This article was published 11/08/2023 (1069 days ago), so information in it may no longer be current.

July marked 20 years since the release of Pirates of the Caribbean: The Curse of the Black Pearl, the movie that introduced the world to Captain Jack Sparrow, a fictional scallywag portrayed on the big screen by Johnny Depp.

To say the Sparrow character went on to become a pop culture icon is putting it mildly. Not only have the five films in the Pirates of the Caribbean franchise collectively reeled in close to $5 billion at the box office, in 2016 a 46-year-old woman traded “I dos” with Sparrow’s ghost, on a boat off the coast of Ireland, six months after she “met” the swashbuckler in a dream.

Yo, ho, yo, ho, it wasn’t a pirate’s life for her; she filed for divorce 18 months later, arrr-guing the two were no longer compatible.

RUTH BONNEVILLE / WINNIPEG FREE PRESS 
Todd Douglas’s alter ego, Jack in the Peg, started off as a Halloween lark inspired by Captain Jack Sparrow, but he now gets paid to show up as Jack for birthday parties, work events and restaurant launches.

RUTH BONNEVILLE / WINNIPEG FREE PRESS

Todd Douglas’s alter ego, Jack in the Peg, started off as a Halloween lark inspired by Captain Jack Sparrow, but he now gets paid to show up as Jack for birthday parties, work events and restaurant launches.

Closer to home, Todd Douglas has spent the last nine years impersonating Jack Sparrow at everything from birthday parties to restaurant launches to Blue Bomber games to bar mitzvahs.

Douglas, who grew up in St. Boniface and has worked as an actor, standup comic and voice artist, recently arrived for a scheduled newspaper interview at a St. Vital watering hole posing as the affable scoundrel, right down to a shoulder-strap bandolier, leather boots and a half-dozen bead-strings clipped to his hair and beard.

Yes, he ordered rum.

During an hour-long chat, scores of people seated on an outdoor patio flocked over to greet Douglas, who bills himself online as Jack in the Peg. So, too, did a tiny visitor from the species Passer domesticus.

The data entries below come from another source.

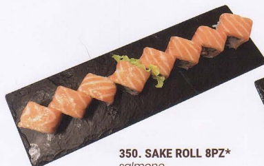
350. SAKE ROLL 8PZ* salmone € 6,50
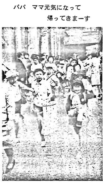
パパ ママ元気になって帰ってきまーす

ご存知ですか？ 消費者の利益を守る 消費者の利益を守るために昨年五月「消費者保護基本法」ができました。東京都も区も、良人、売人も、商品とマナーの向上につとめなければなりません。 しかし、消費者の利益を守るのには、やはり消費者自身、つまりお買物をするあなたなのです。知識をふやし、工夫をこらして生活の向上につとめましょう。
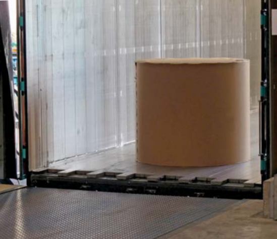
Schubbodenprofil glatt für den Transport von Papierrollen.

«Beladen / Entladen beidseitig, von oben, von hinten... »

“Oh, look; a sparrow coming over to say hello to the king of the Sparrows,” he said, breaking into an English accent identical to the one Depp adopted for his depiction of Captain Jack, once described as a “macho but effeminate drunk clown, with rock-star sex appeal.”

“It’s the same thing where we live,” piped in Corinne Bremmer, Douglas’s partner who often accompanies him bedecked as Scarlett, a red-headed “wench” played in the Pirates movies by Lauren Mayer.

“We’ll be sitting in the living room, watching TV, and suddenly there will be all these birds on the window sill, I guess wanting ‘Jack’ to come out and play.”


Douglas couldn’t recall the last time he went out for Halloween when Bremmer suggested they do just that in October 2014, six months into their relationship. He agreed it sounded like fun, only what would he don as a costume? Owing to his longish brown hair and dashing good looks, Bremmer proposed he go as Jack Sparrow.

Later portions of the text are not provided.